Sarillo attributes Nick’s ability to pull together and survive such difficult circumstances to the purpose and values the company is built on. This was something he started to develop in 2002, with the help of foodservice consultant Rudy Miick FCSI, founder and president of The Miick Companies, LLC, in Boulder, Colorado.
“Leaders often don’t see their impact. Culture comes out of behavior, not talk,” explains Miick. “Nick is exceedingly conscious of this and it’s evident in the way he prioritizes people.”
This process was a gamechanger for the company. “Every organization is about people, especially in the hospitality industry,” says Sarillo. “Defining the kind of culture you want to have and then living that out as leaders makes such a big difference.”
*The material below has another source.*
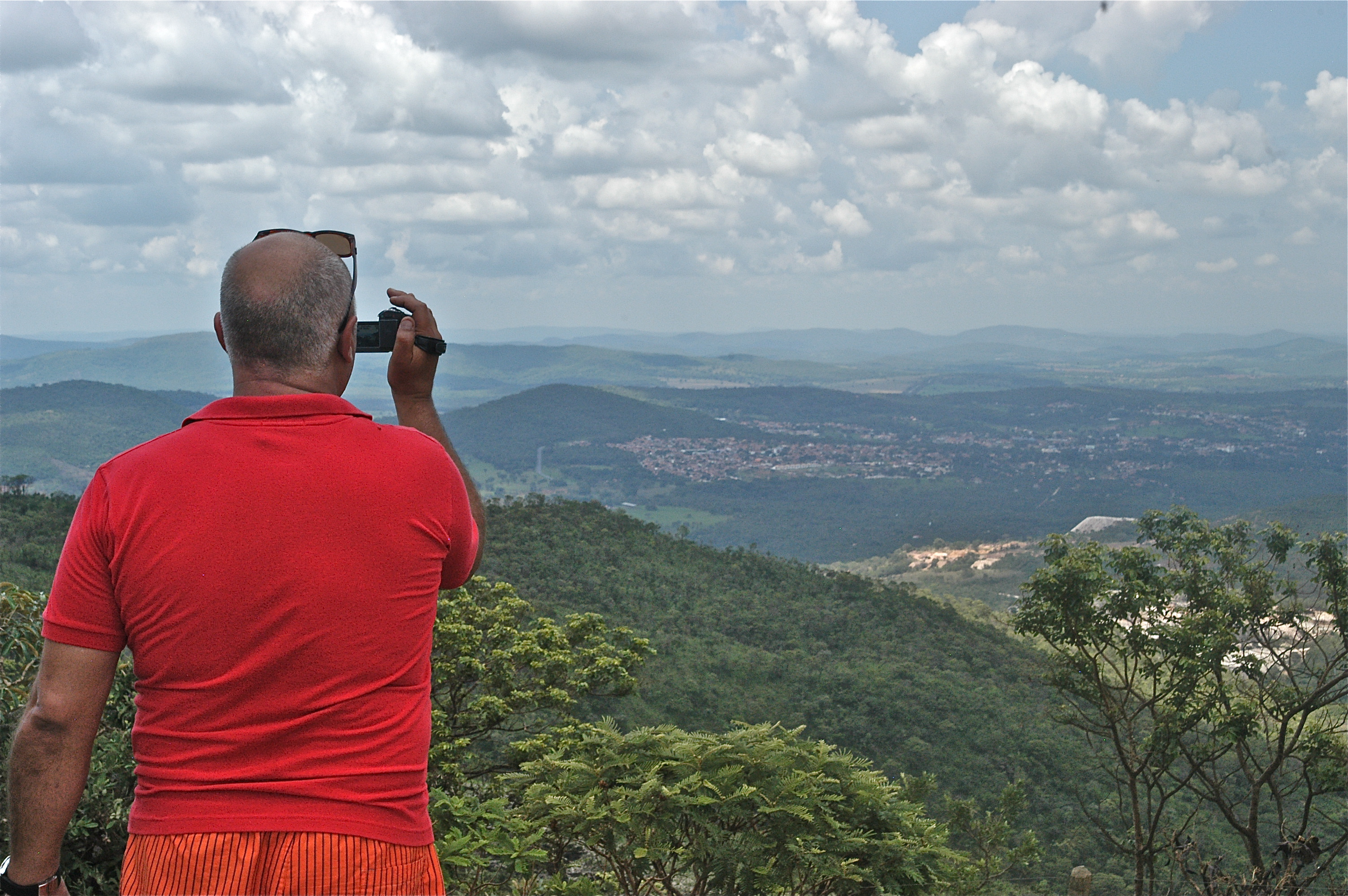 filming pirenopolis city in Brazil from a view point on the Pirineus montains

It not only led to a happier and more motivated workforce, but increased productivity and reduced staff turnover to 25%. This is something Sarillo wants to maintain, even in the current crisis, so Nick’s has appointed a liaison for each restaurant to keep their teams connected.
“The general managers already have their hands full, so the liaison is like our virtual party planner for the team. We want to stay connected for the purposes of mental and emotional wellbeing, because we want to take care of each other – we’re family.”
Planning for the future
The strategies Nick’s has put in place so far stand the company in good stead to weather this storm. The company has learned a lot about delivery during this time and taken the opportunity to tighten up that side of the business.
“I used to leave the pizza delivery business to the big chains, but now that we’ve focused into it, there’s an experience side for families that we can really do well and have fun with,” says Sarillo.
What’s more, he’s confident that Nick’s will be able to welcome back all of its furloughed staff and is looking forward to celebrating with them once the pandemic is over.
“People will be keen get out and socialize, and we’re going to need restaurants to gather in,” he says. “It’s also our 25 anniversary this year, so we’re talking about how we can have a big party – we’re all going to be happy and grateful for a lot of things that we typically took for granted, so it’ll be great to celebrate together.”